Smith, an R&B-piano contemporary of Professor Longhair and the young Fats Domino, was already top of the pops in the late Fifties, singing and writing the fundamental New Orleans-R&B hits “Rockin’ Pneumonia and the Boogie Woogie Flu” and “Don’t You Just Know It.” Smith was a pioneer in getting fleeced too: losing his rights and royalties in shady deals that kept him in courtrooms for decades. Wirt’s account of Smith’s legal nightmares is detailed and unforgiving. But Wirt is even better on Smith’s early life in America’s greatest R&B city, the pianist’s high times in rock & roll’s first decade and the lunatic spirits he fostered in his band the Clowns (piano demon James Booker, the flamboyant vocalist Bobby Marchan). Smith never got the money he deserved, but he’s still a living legend, now 80, while the business that robbed him is in the toilet. Now you know who won.

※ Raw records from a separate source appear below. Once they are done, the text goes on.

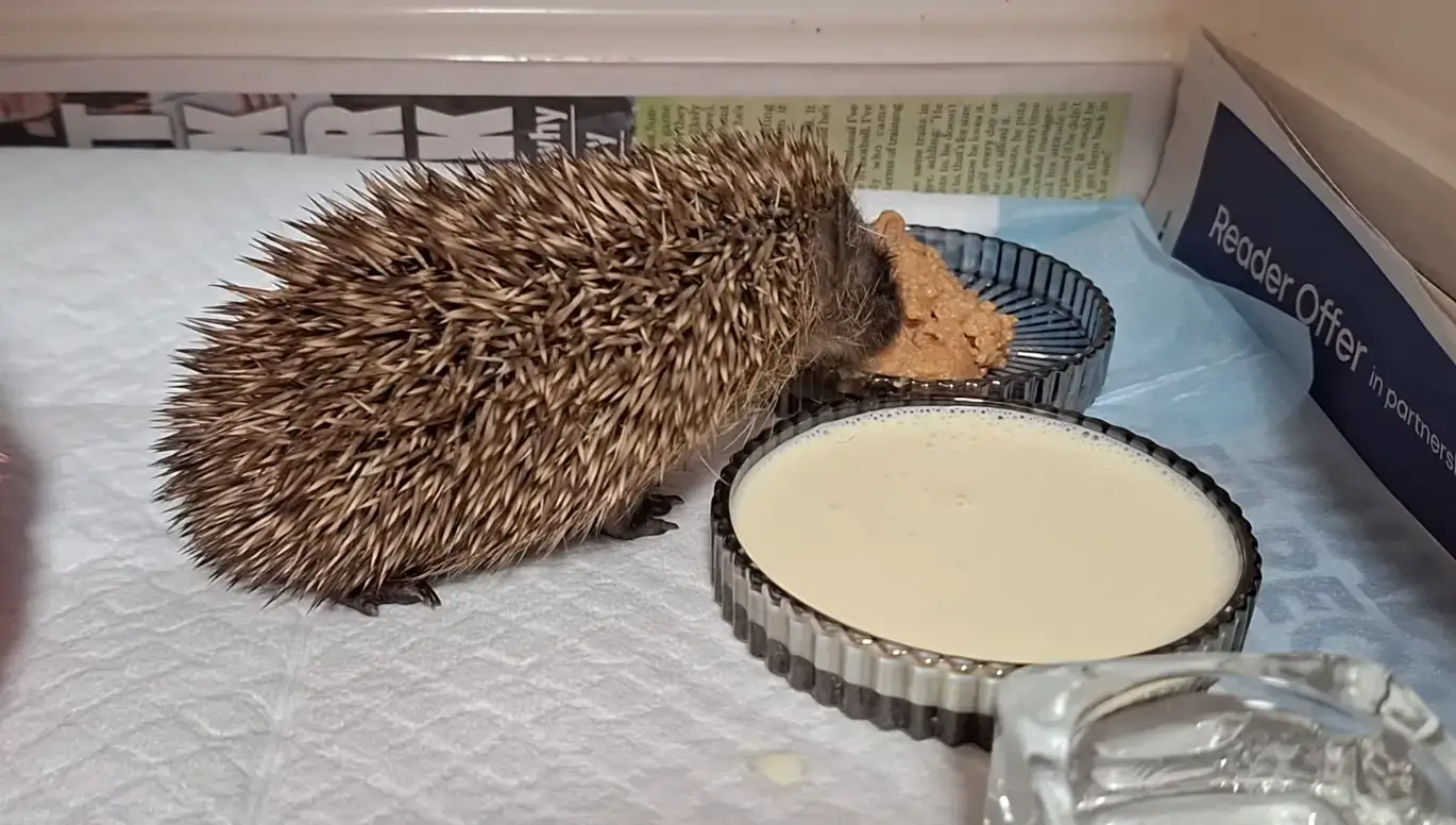 A hungry little hoglet smashing into puppy mousse shortly after arrival at the rescue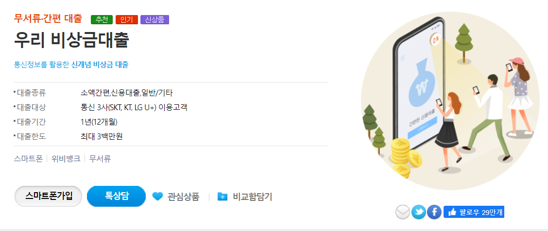 우리은행에서 출시된 우리 비상금대출을 추천드립니다. 우리 비상금 대출은 최대한도는 300만원이고 금리는 4%대이며, 단, 대출금리는 시장과 개인의 신용에 따라 바뀔 수 있습니다. 무방문, 무서류 인터넷 상품입니다. 무엇보다도 통신정보를 활용한 신개념 비상금 대출이라 매력적입니다.
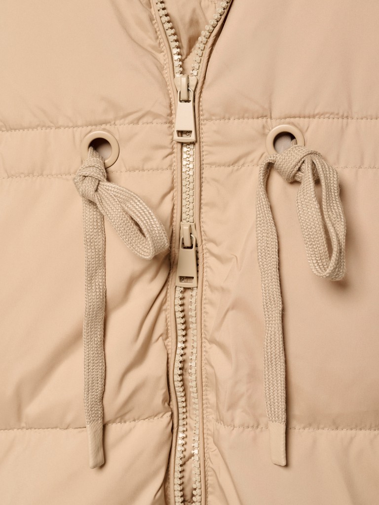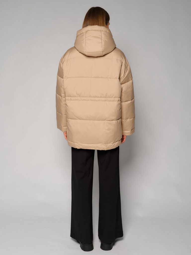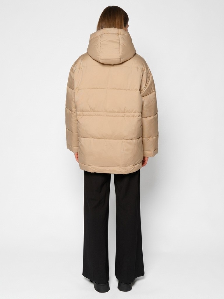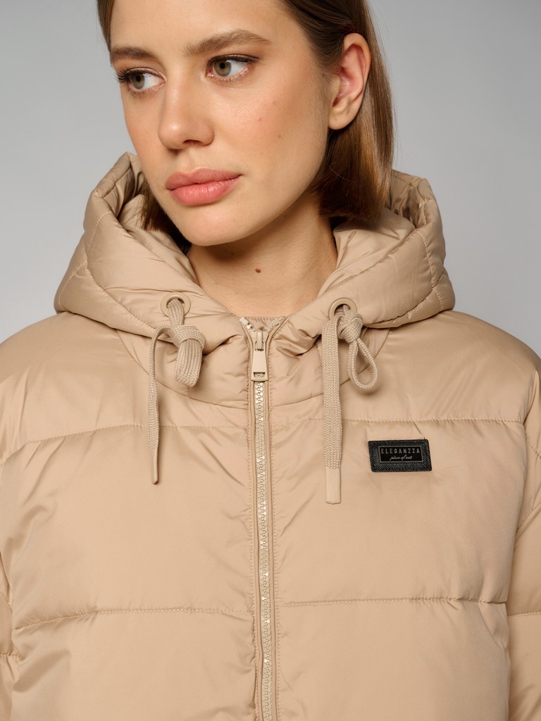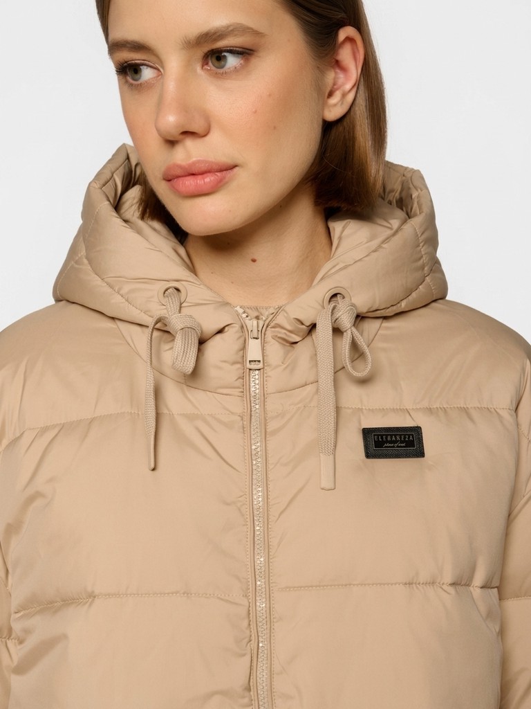 Удлиненная женская куртка бежевого цвета с застежкой на молнию. Модель прямого кроя с трикотажным шнуром по линии талии для комфортной посадки, а также с широким воротом и глубоким капюшоном идеально подойдет для носки зимой и в период холодного межсезонья.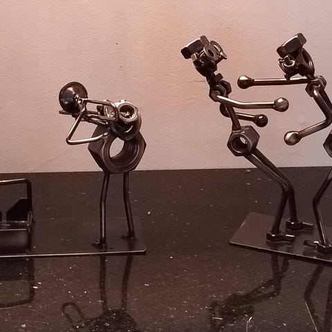 Dekorasjon fra jysk laget av svart metall. Designet som en abstrakt ansiktsfigur med en rund base. Passer som interiørdekorasjon i ulike rom.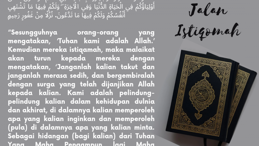 “Sesungguhnya orang-orang yang mengatakan, ‘Tuhan kami adalah Allah.’ Kemudian mereka istiqamah, maka malaikat akan turun kepada mereka dengan mengatakan, ‘Janganlah kalian takut dan janganlah merasa sedih, dan bergembiralah dengan surga yang telah dijanjikan Allah kepada kalian. Kami adalah pelindung-pelindung kalian dalam kehidupan dunia dan akhirat, di dalamnya kalian memperoleh apa yang kalian inginkan dan memperoleh (pula) di dalamnya apa yang kalian minta. Sebagai hidangan (bagi kalian) dari Tuhan Yang Maha Pengampun lagi Maha Penyayang.” (Q.S. Fushshilat: 30-32)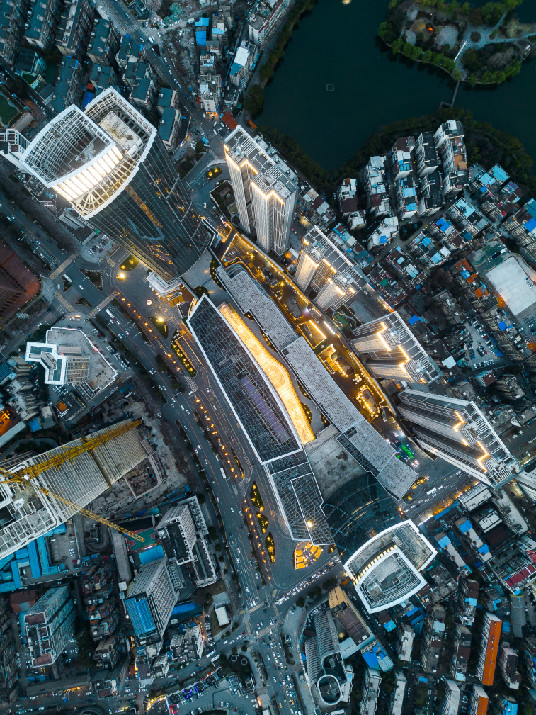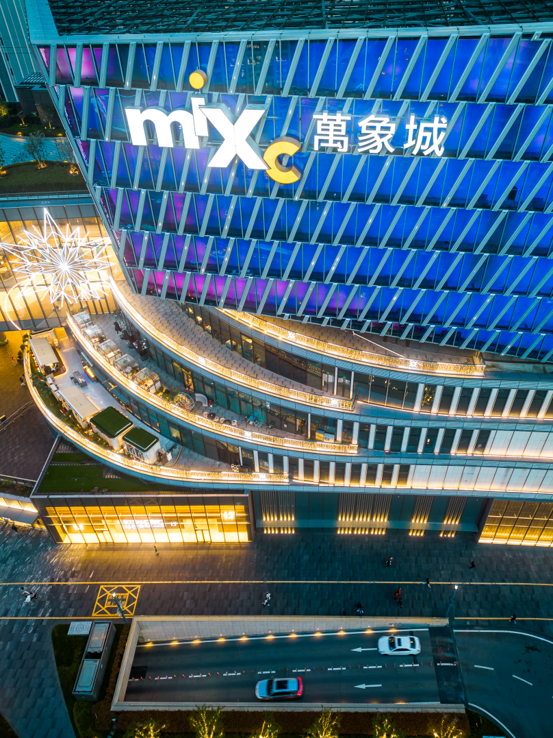 “水晶之冠”透明天幕,光影流动交互感拉满的外立面幕墙,灵动的块状几何拼接组合与灯光设计,让万象城看起来犹如一个放置于城市街头的赛博水晶魔盒,奇幻而明亮,拥有“万象”种开启的可能。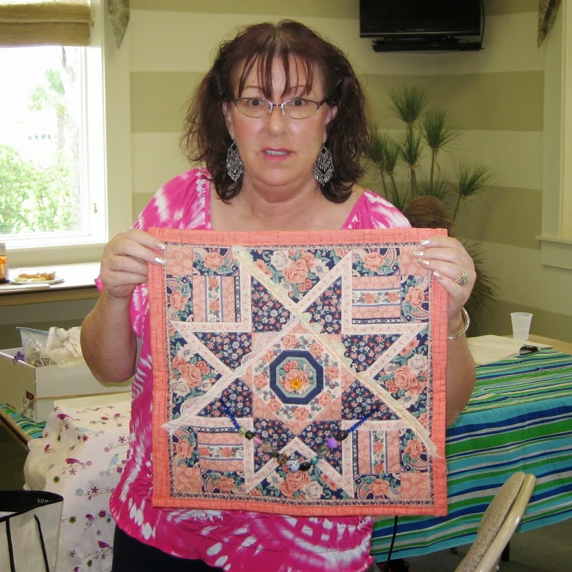 Kathy Jones - shared and donated a fidget quilt she named Pink Elephant. Nothing crazy here, just beautifully pieced, pretty pink fabrics, with a shiny, silky pink elephant center applique. And then Kathy showed us a huge, bed-size antique quilt, probably from 1920's - 1930's judging by fabrics - star design block - all hand pieced, all, every single piece by hand cut and sewn. Kathy is hoping that anyone who has knowledge/experience working with antique pieces/quilts/fabrics will give her information on how to handle these wonderful pieces of history. This is just the finished top that was never completed with batting, backing and binding. Kathy will welcome any comments and suggestions at all. She is hoping to help her friend find out how to restore the quilt.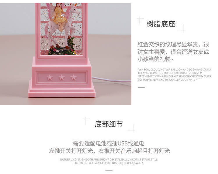 USB插口/电池槽、优美音乐、亮片自动漂浮、小夜灯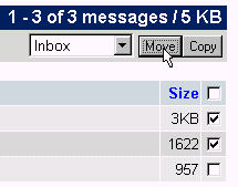 In this case, the first two messages will be Moved to the Inbox. The drop menu allows you to choose any of the folders that are preset, or any that you have created (see Managing Folders for more information on that topic).

Phil Lesh and Friends, everywhere, 2014
I caught the ex-Grateful Dead bassist and his mutating troupe of Friends at four stops on their year-long tour of the New York metropolitan area – at the Capitol Theater in Port Chester, at the Brooklyn Academy of Music, in Central Park, then back at the Cap. And I came away from each night with something I didn’t get on the others in lineup, repertoire and ensemble conversation. Highlights included a blues-fusion roll through Aoxomoxoa‘s “St. Stephen” in April at the Capitol with ex-Miles Davis sideman Bill Evans and a late-May shock in Central Park as the tandem-guitar soloing of Warren Haynes and another Miles sideman, John Scofield, resolved into Lou Reed’s “Sweet Jane,” via the long intro jam on Rock and Roll Animal. My last shot, on December 29th back at the Cap, was PhilRAD: Lesh with Joe Russo’s Almost Dead, a repertory side project led by Lesh’s regular drummer. Like the other shows I saw and the several more I heard in tapers-section recordings, it was a superior group of disciples playing songs from an adored history with one of the creators – together forging new links in an unbroken chain.